One of the best ways to reduce the financial burden of your MBA is to secure corporate sponsorship. While sponsorship is most commonly associated with top consulting firms like McKinsey, Bain, BCG, Kearney, and Oliver Wyman, we have successfully assisted numerous applicants in securing at least partial sponsorship from their employers at the time of their application. These binding agreements are an excellent way to lower the cost of your MBA while also enhancing your post-MBA career prospects. Securing corporate sponsorship not only helps mitigate educational expenses but also demonstrates a strong commitment from your employer to your professional growth. In the US firms like Deloitte, Wells Fargo, Intel, Chevron Corporation, Apple, Bank of America or Boston Scientific are known to sponsor some of their employees’ MBA. Similarly, in Asia, numerous companies offer comparable sponsorships. These range from large Japanese and Korean corporations to leading Indonesian banks like Bank Mandiri. 

Government Scholarships

From the renowned Fulbright Program  sponsored by the Bureau of Educational and Cultural Affairs under the United States Department of State to country-specific scholarships like the Indonesian LPDP Endowment Fund, numerous government scholarships are available. These programs offer substantial financial support to students pursuing higher education. It is crucial to check your eligibility for such scholarships early in your application process to take full advantage of these opportunities. 


For U.S. citizens and permanent residents, federal student loans are a primary source of funding for MBA programs due to their favorable terms compared to private loans.
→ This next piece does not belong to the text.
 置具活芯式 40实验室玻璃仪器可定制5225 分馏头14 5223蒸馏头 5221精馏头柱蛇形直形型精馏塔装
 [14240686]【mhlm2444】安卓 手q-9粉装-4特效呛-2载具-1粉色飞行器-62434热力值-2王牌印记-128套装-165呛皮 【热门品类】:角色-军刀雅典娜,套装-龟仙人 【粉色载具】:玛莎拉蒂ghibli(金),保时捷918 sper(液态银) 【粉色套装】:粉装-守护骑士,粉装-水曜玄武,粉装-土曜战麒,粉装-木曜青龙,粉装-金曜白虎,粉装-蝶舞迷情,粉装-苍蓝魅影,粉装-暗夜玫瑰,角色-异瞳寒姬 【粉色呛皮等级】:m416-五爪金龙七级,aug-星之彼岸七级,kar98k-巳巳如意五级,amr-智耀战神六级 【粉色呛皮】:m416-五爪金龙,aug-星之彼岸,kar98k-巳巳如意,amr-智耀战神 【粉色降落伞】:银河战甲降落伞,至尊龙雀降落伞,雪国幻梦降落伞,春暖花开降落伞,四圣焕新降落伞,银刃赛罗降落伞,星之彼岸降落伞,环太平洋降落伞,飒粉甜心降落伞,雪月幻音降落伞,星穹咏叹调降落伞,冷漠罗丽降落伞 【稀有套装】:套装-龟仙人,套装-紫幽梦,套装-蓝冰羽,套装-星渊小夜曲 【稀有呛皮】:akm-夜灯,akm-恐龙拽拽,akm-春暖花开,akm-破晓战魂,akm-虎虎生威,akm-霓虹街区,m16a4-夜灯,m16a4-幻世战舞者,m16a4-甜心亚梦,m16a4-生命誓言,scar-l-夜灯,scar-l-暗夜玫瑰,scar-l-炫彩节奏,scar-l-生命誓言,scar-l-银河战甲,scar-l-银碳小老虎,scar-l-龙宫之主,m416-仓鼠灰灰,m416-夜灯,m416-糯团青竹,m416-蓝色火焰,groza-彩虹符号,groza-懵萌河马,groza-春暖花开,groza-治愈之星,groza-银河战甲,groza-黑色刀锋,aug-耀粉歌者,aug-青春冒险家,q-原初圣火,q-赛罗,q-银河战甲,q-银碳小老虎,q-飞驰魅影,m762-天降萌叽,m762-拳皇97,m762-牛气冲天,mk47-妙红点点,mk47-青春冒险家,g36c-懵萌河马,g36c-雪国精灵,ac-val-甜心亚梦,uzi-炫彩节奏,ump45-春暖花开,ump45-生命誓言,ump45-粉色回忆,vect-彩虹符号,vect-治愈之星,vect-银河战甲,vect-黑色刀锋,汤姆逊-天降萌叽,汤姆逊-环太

Federal loans typically offer lower interest rates and more flexible repayment options. Two key programs include Direct Unsubsidized Loans, which are available to graduate students regardless of financial need, and Grad PLUS Loans, which cover the full cost of attendance minus any other financial aid received. 

In addition, student loans are offered by banks, credit unions, and other financial institutions. These loans can cover the gap between the cost of the MBA program and the amount covered by scholarships and federal loans. It’s important to compare terms, interest rates, and repayment options from different lenders.

For international students, securing loans can be more challenging, but there are still viable options available. Many local banks in various markets offer student loans at preferred interest rates. Additionally, some specialized lenders cater specifically to non-U.S. citizens. Organizations like Prodigy Finance and MPower Financing provide loans without requiring a U.S. co-signer, making it easier for international students to access the necessary funds for their education. 

Income Share Agreements (ISAs)

In recent years, a new financing model known as Income Share Agreements (ISAs) has gained popularity. This innovative investment vehicle allows students to pay a percentage of their future income for a set number of years in exchange for funding their education. ISAs provide a flexible and risk-sharing approach to financing higher education, aligning the interests of both students and investors.

Companies like Brain Capital and Lendorse are leading the way in utilizing ISAs to address financial and academic exclusion. These social impact fintech/edtech companies focus on helping talented students from developing countries access the funds they need to pursue their education. By reducing the financial barriers to entry, ISAs contribute to greater educational equity and empower students to achieve their full potential.

Financing an MBA requires careful planning and exploration of various funding sources. Scholarships, loans, and financial aid can significantly reduce the financial burden and make your MBA journey more manageable. By understanding and leveraging these options, you can focus on your studies and career growth, ensuring that your investment in an MBA pays off in the long run.